Wak Ong, Jalan Panjang di Kesunyian
Melawan untuk KebenaranWak Ong dan Jihadnya
Jalan sunyi kian akrab ditapaki Wak Ong. Kehidupan di dunia yang hening mulai mesra dirasakannya. Wak Ong semakin tawaduq, dan meresapi hakikat hidup.
Bila malam tiba, Wak Ong yang sudah tak lagi bisa membedakan kesunyian malam dan kesunyian diri ini selalu terkenang kehidupannya di masa lampau. Masa ketika dia produktif berpetualangan dari tempat ke tempat. Menghabiskan masa muda dengan upaya pencarian jati diri dan eksistensi. Masa muda yang penuh api dan mempesona. Masa muda, dimana hanya ada "aku" dan tiada yang lain.

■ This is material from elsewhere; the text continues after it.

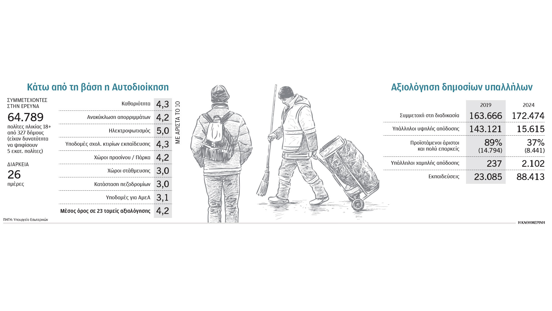 Εντυπη έκδοση. Λιγότερους άριστους και περισσότερους υπαλλήλους κάτω από τη βάση κατέγραψε το νέο σύστημα αξιολόγησης για το 2024, σε σχέση με τα αποτελέσματα του συστήματος που ίσχυε το 2019. Συγκεκριμένα, από τους 172.474 δημoσίους υπαλλήλους που αξιολογήθηκαν προέκυψε ότι 15.615 ήταν υπάλληλοι υψηλής απόδοσης, όταν το 2019 ως υπάλληλοι υψηλής απόδοσης κρίθηκαν οι 143.121 από τους 163.666 που είχαν αξιολογηθεί. Παράλληλα, 2.102 υπάλληλοι κρίθηκαν ως χαμηλής απόδοσης, όταν το 2019 μόλις 237 υπάλληλοι είχαν βρεθεί ανεπαρκείς. Επίσης με βάση το νέο σύστημα αξιολόγησης (το οποίο άρχισε να εφαρμόζεται από το 2023), το 37% των προϊσταμένων ήταν άριστοι ή πολύ επαρκείς ενώ το 2019, το 89% των προϊσταμένων ήταν άριστοι. Το νέο σύστημα αξιολόγησης πραγματοποιείται με βάση στόχους που έχουν τεθεί για τις υπηρεσίες, ενώ η διαδικασία «τρέχει» και με εφαρμογές τεχνητής νοημοσύνης.

Masa muda seorang pendekar pilih tanding.
"Ketika dia masih bisa mendengar, itu berarti ketika dia masih muda, sehat dan kuat. Semua kenal dengan dia," Demikian Burhanuddin, Kepala Lingkungan IV, Kelurahan Setia mengawali kisah Wak Ong.
"Kami takut, kalau Wak Ong sudah kehabisan sabar. Dia ini tak suka obat-obatan. Preman yang tak suka obat-obatan tepatnya. Agak lucu memang. Sebelum tiba di puncak kemarahan, biasanya Wak Ong hanya diam saja. Dia terus diam. Sampai suatu titik, dia akan mengamuk sampai kehilangan kesadaran. Pokoknya marah sehebat-hebatnya lah. Kalah orang mabuk obat itu," lanjut Burhanuddin, atau biasa dikenal sebagai Mak Etek oleh warga.
Kalau sudah demikian marah, biasanya Wak Ong hanya akan sadar bila Mak Etek datang dan berkata padanya, "Wak Ong, kau memang gila!"
"Wak Ong, gila kau! Nah kalau sudah begitu, parang di tangannya pun jatuh. Wak Ong pasti tertawa dan sadar," kata Mak Etek sambil tertawa.
Di dalam kesunyiannya, Wak Ong memulai jihadnya. Kegilannya dia tunjukkan dengan memusuhi peredaran narkoba di lingkungannya.